Auf was kann man in der Nähe vom Faaker See fischen?


----------



## Oper8or (13. Juli 2004)

*AW: Faaker See Kärnten! Wo kann man da auf was fischen?*

warum fischt ned im faaker see  - hat gute fisch drinn - a schönes platzerl gesucht und ab gehts

Gruß Wolfgang


----------



## Basi8811 (13. Juli 2004)

*AW: Faaker See Kärnten! Wo kann man da auf was fischen?*

Ja auch da natürlich.:q 


Hab vergessen ihn zu erwähnen.

Aber wie ist der Fischbestand wo?


----------



## fischerwahn (13. Juli 2004)

*AW: Faaker See Kärnten! Wo kann man da auf was fischen?*

nunja basi,

sag mal welcher fischart du nachstellen willst - ich hab da natürlich einige feine geheimtips für dich (catch & release [ausser bei massigen raubfischen] versteht sich doch oder ?]

greets/fw


----------



## Basi8811 (13. Juli 2004)

*AW: Faaker See Kärnten! Wo kann man da auf was fischen?*

Naja, da ich kein großes Tackle mitnehmen kann, auf Barsch und Forelle.
Halt ne kleine Spinnrute nehme ich mit und spinne mit kleinen Spinnern.


----------



## fischerwahn (13. Juli 2004)

*AW: Faaker See Kärnten! Wo kann man da auf was fischen?*

#) gut kapitale barsche bis zu einem kilo findest du im 
LÄNGSEE
(nimm dir aber schwimmer und haken auch mit - mit wurm hast du dort gut chancen auf schleien)

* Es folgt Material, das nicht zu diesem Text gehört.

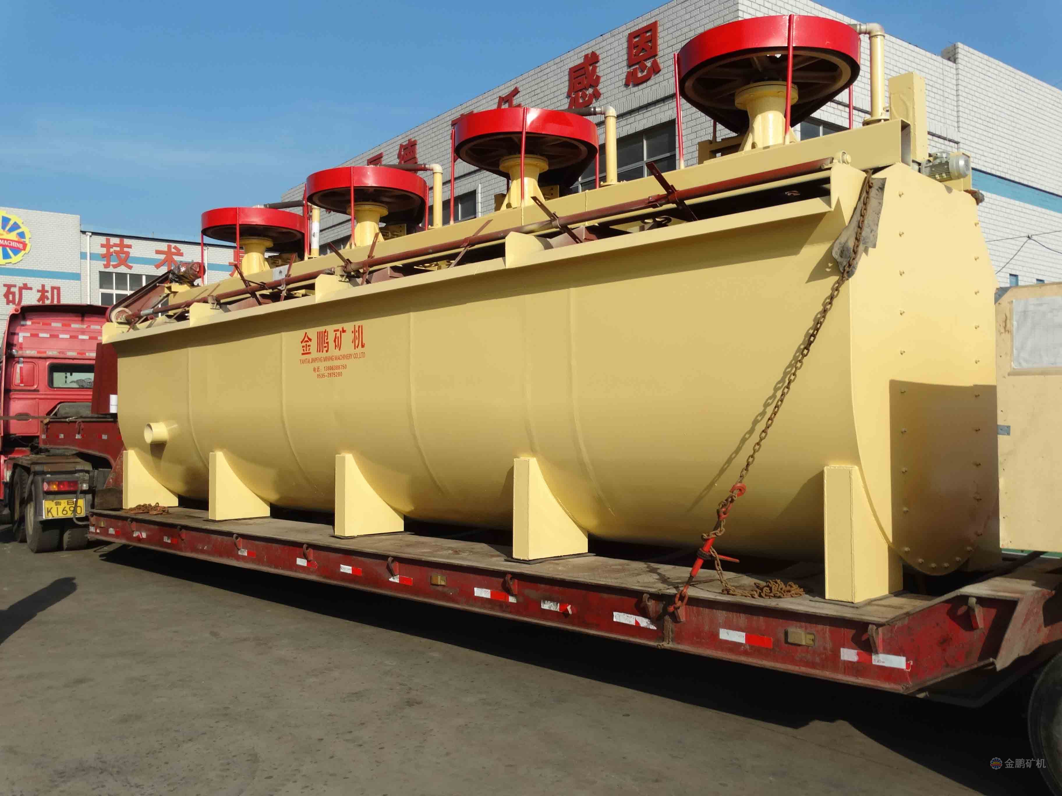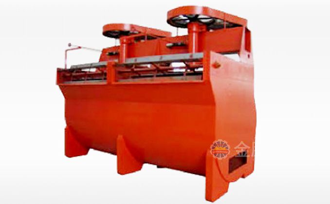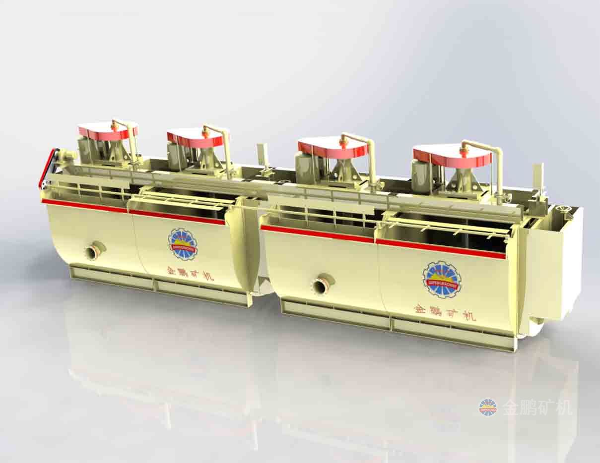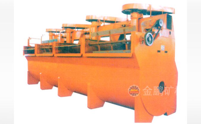 該浮選機(jī)工作時(shí),隨著葉輪的旋轉(zhuǎn),槽內(nèi)礦漿從四周經(jīng)槽底由葉輪下端吸到葉輪葉片之間由鼓風(fēng)機(jī)給入的低壓空氣經(jīng)空心軸和葉輪腔的空氣分配器,也進(jìn)入其中。礦漿與空氣在葉片之間充分混合后,從葉輪上半部周邊向斜上方推出,由定子升穩(wěn)流和定向后進(jìn)入整個(gè)槽子中。氣泡上升到泡沫穩(wěn)定區(qū),礦化富集后,自溢流堰溢出。另一部分礦漿向葉輪下部流去,再經(jīng)攪拌,重新混合形成礦化氣泡。剩余的礦漿流向下一槽直至最終成尾礦。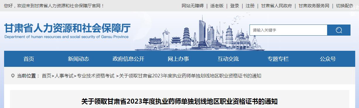 2024年5月27日,甘肃省人力资源和社会保障厅发布了《关于领取甘肃省2023年度执业药师单独划线地区职业资格证书的通知》,从中得知,2023年甘肃执业药师单独划线地区资格证书已经开始发放了,领取方式详见文内。

mit blinkern wirst du in kärnten auf forelle ein Problem bekommen (ist schon so gut wie auf allen forellengewässern verboten (nur noch trockenfliege).

#) faaker see hier wirst du mit blinkern nur in den morgens und abendstunden vom boot aus chancen haben (nimm twister mit und versuch bei morgeneinbruch vom boot aus bei den schiffsanlegeplätzen und badestegen) - am tag wirst du wohl vor lauter seglern keinen paltz zum fischen finden. eine schöne zille zum fischen solltest du dir aber vorreservieren und ev. einen guten tagespreis verhandeln (kannst ja unter tag damit einen schönen badeplatz ansteuern) 

ich würde dir ja den ossiacher see (revier weber (tiebl) empfehlen) aber ohne das revier zu kennen wirst du dort sehr, sehr sehr viel glück brauchen um etwas zu fangen)

wo genau willst du dein "hauptquartier" aufschlagen ?

greets/Julian


----------